• Required action: Retype the data that follows exactly. No pictures belong in the copy.

• Data excerpt:
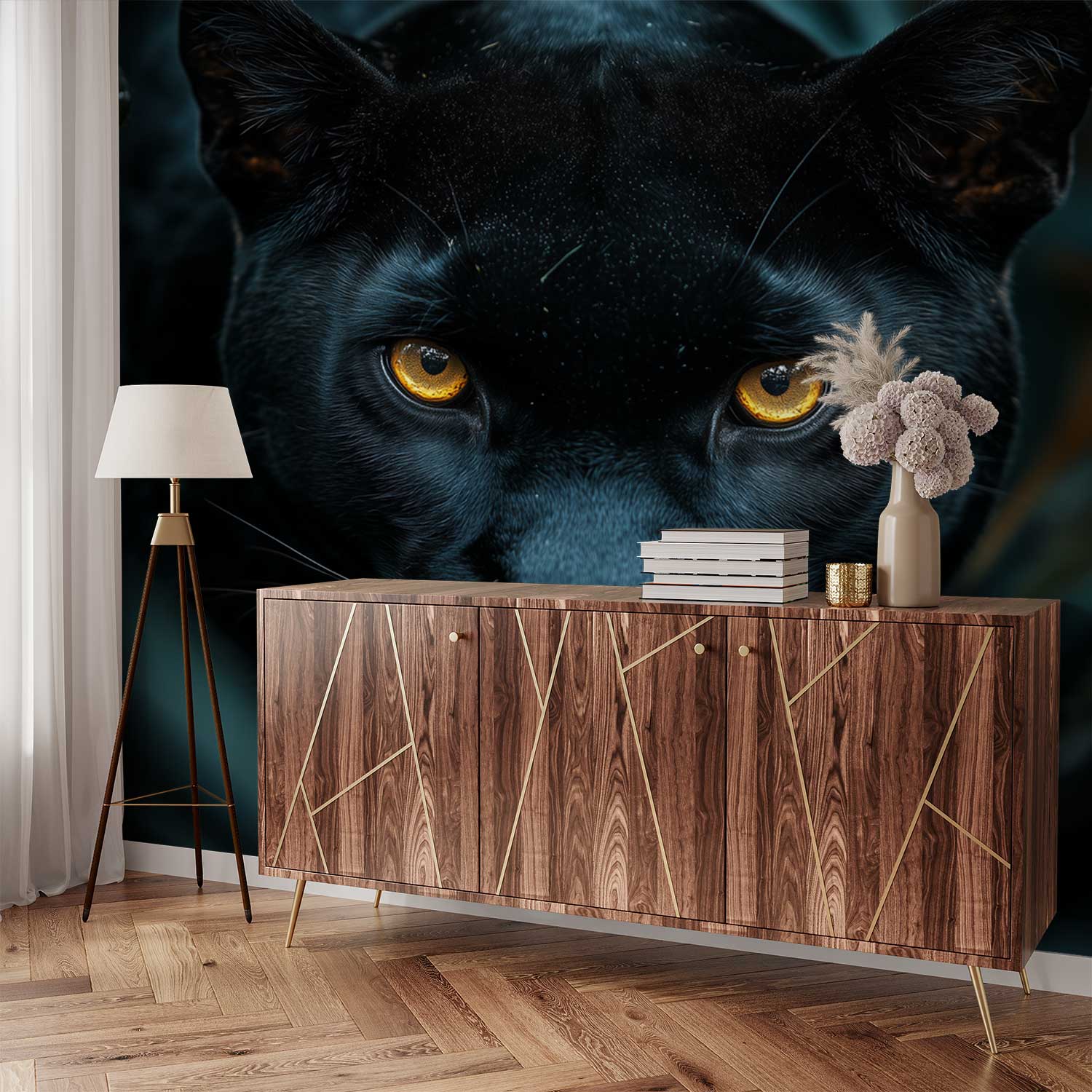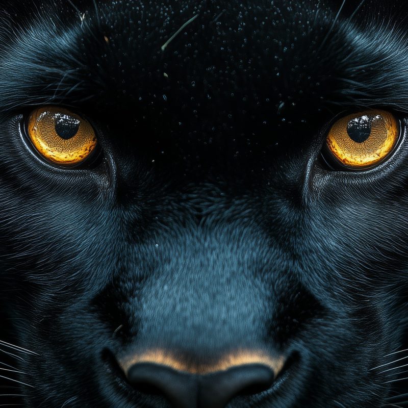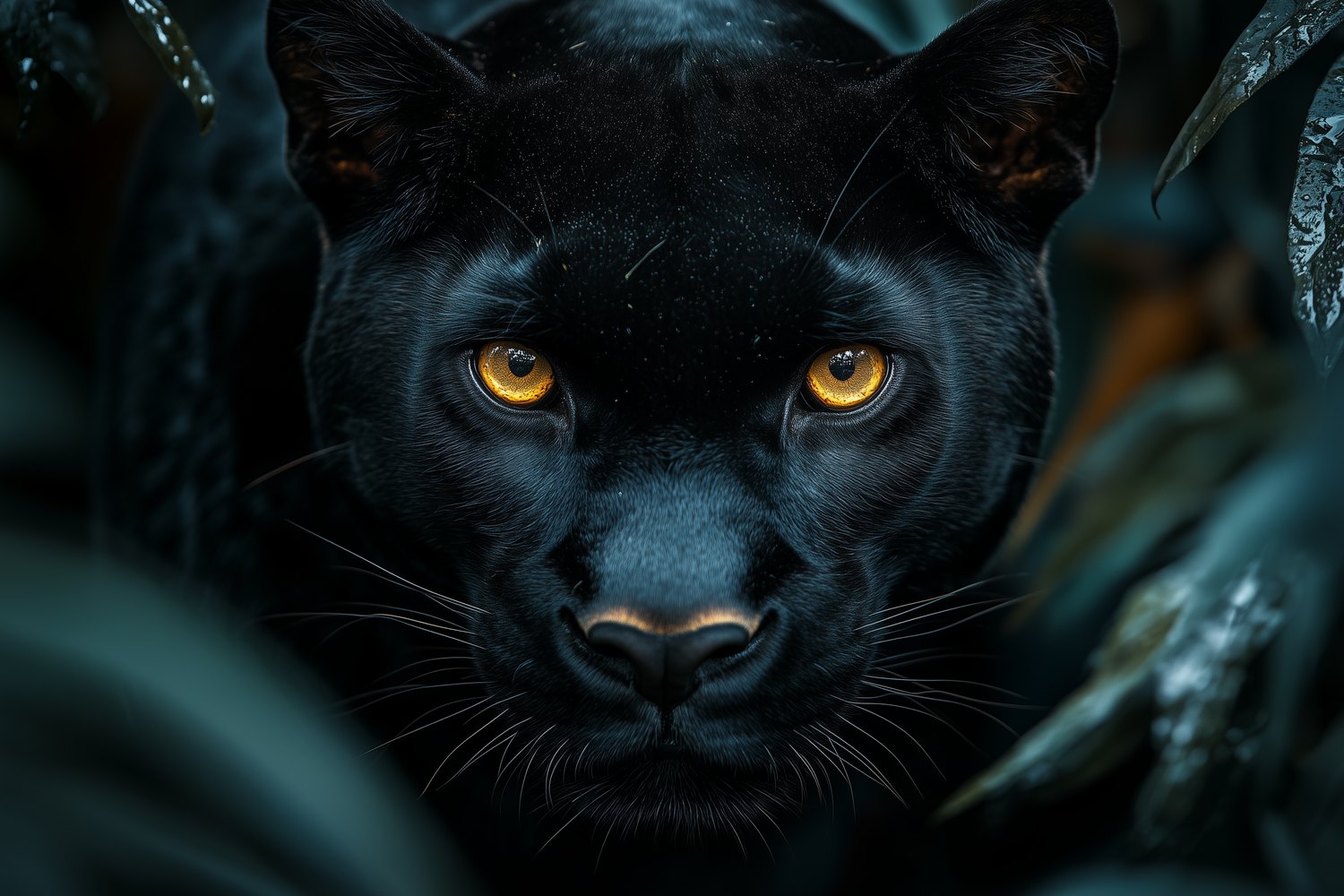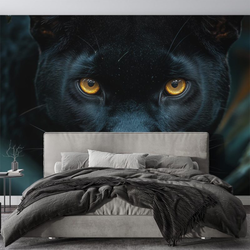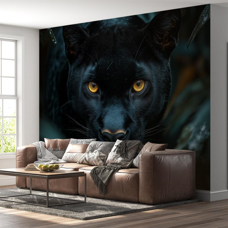 Gouden ogen doordringen het groen, een mysterieus blik vol wilde schoonheid. Deze zwarte panter verschijnt levendig tussen weelderig gebladerte, zijn intense aanwezigheid omgeven door diepe tinten. Rust en kracht vloeien samen in dit adembenemende tafereel. Brengt een vleugje exotische sereniteit en natuurlijke elegantie in je ruimte, ideaal voor een statement muur die zowel intrigeert als kalmeert.
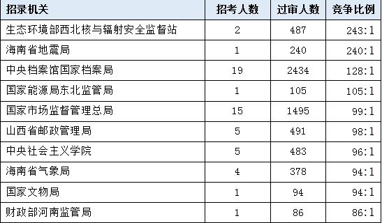 2020國(guó)考報(bào)名競(jìng)爭(zhēng)最激烈前十部門(mén)【截至18日9時(shí)】
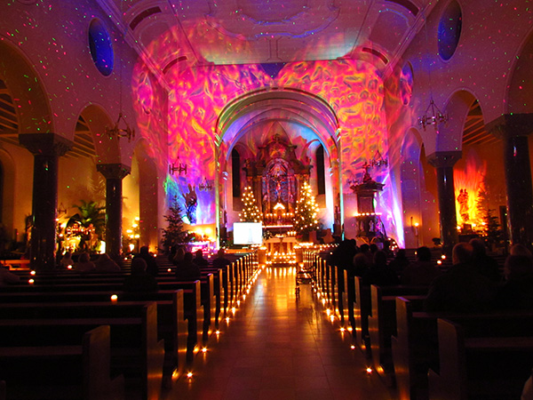 LORSCH, Oktober 2012 (meli), Die meisten Lorscherinnen und Lorscher kennen die katholische Pfarrkirche St. Nazarius. Sei es vom sonntäglichen Kirchgang oder von gelegentlichen „Stippvisiten“, z.B. zu den zahlreichen Kirchenkonzerten. Doch wer zur „Offenen Kirche“ kommt, mag dann trotzdem seine Augen nicht trauen: Tausend Kerzen erleuchten dann den Raum, der Hochaltar ist in ein mystisches Farbespektrum getaucht, der Marien- und der Josefs-Altar sind wie von Feuer oder Wasser umspült, Menschen treten ein, verweilen und gehen wieder, lauschen der Musik, wie sie sonst in dem Gotteshaus eher nicht ertönt. mehr »

• Answer for the task:
 Gouden ogen doordringen het groen, een mysterieus blik vol wilde schoonheid. Deze zwarte panter verschijnt levendig tussen weelderig gebladerte, zijn intense aanwezigheid omgeven door diepe tinten. Rust en kracht vloeien samen in dit adembenemende tafereel. Brengt een vleugje exotische sereniteit en natuurlijke elegantie in je ruimte, ideaal voor een statement muur die zowel intrigeert als kalmeert.
 2020國(guó)考報(bào)名競(jìng)爭(zhēng)最激烈前十部門(mén)【截至18日9時(shí)】
 LORSCH, Oktober 2012 (meli), Die meisten Lorscherinnen und Lorscher kennen die katholische Pfarrkirche St. Nazarius. Sei es vom sonntäglichen Kirchgang oder von gelegentlichen „Stippvisiten“, z.B. zu den zahlreichen Kirchenkonzerten. Doch wer zur „Offenen Kirche“ kommt, mag dann trotzdem seine Augen nicht trauen: Tausend Kerzen erleuchten dann den Raum, der Hochaltar ist in ein mystisches Farbespektrum getaucht, der Marien- und der Josefs-Altar sind wie von Feuer oder Wasser umspült, Menschen treten ein, verweilen und gehen wieder, lauschen der Musik, wie sie sonst in dem Gotteshaus eher nicht ertönt. mehr »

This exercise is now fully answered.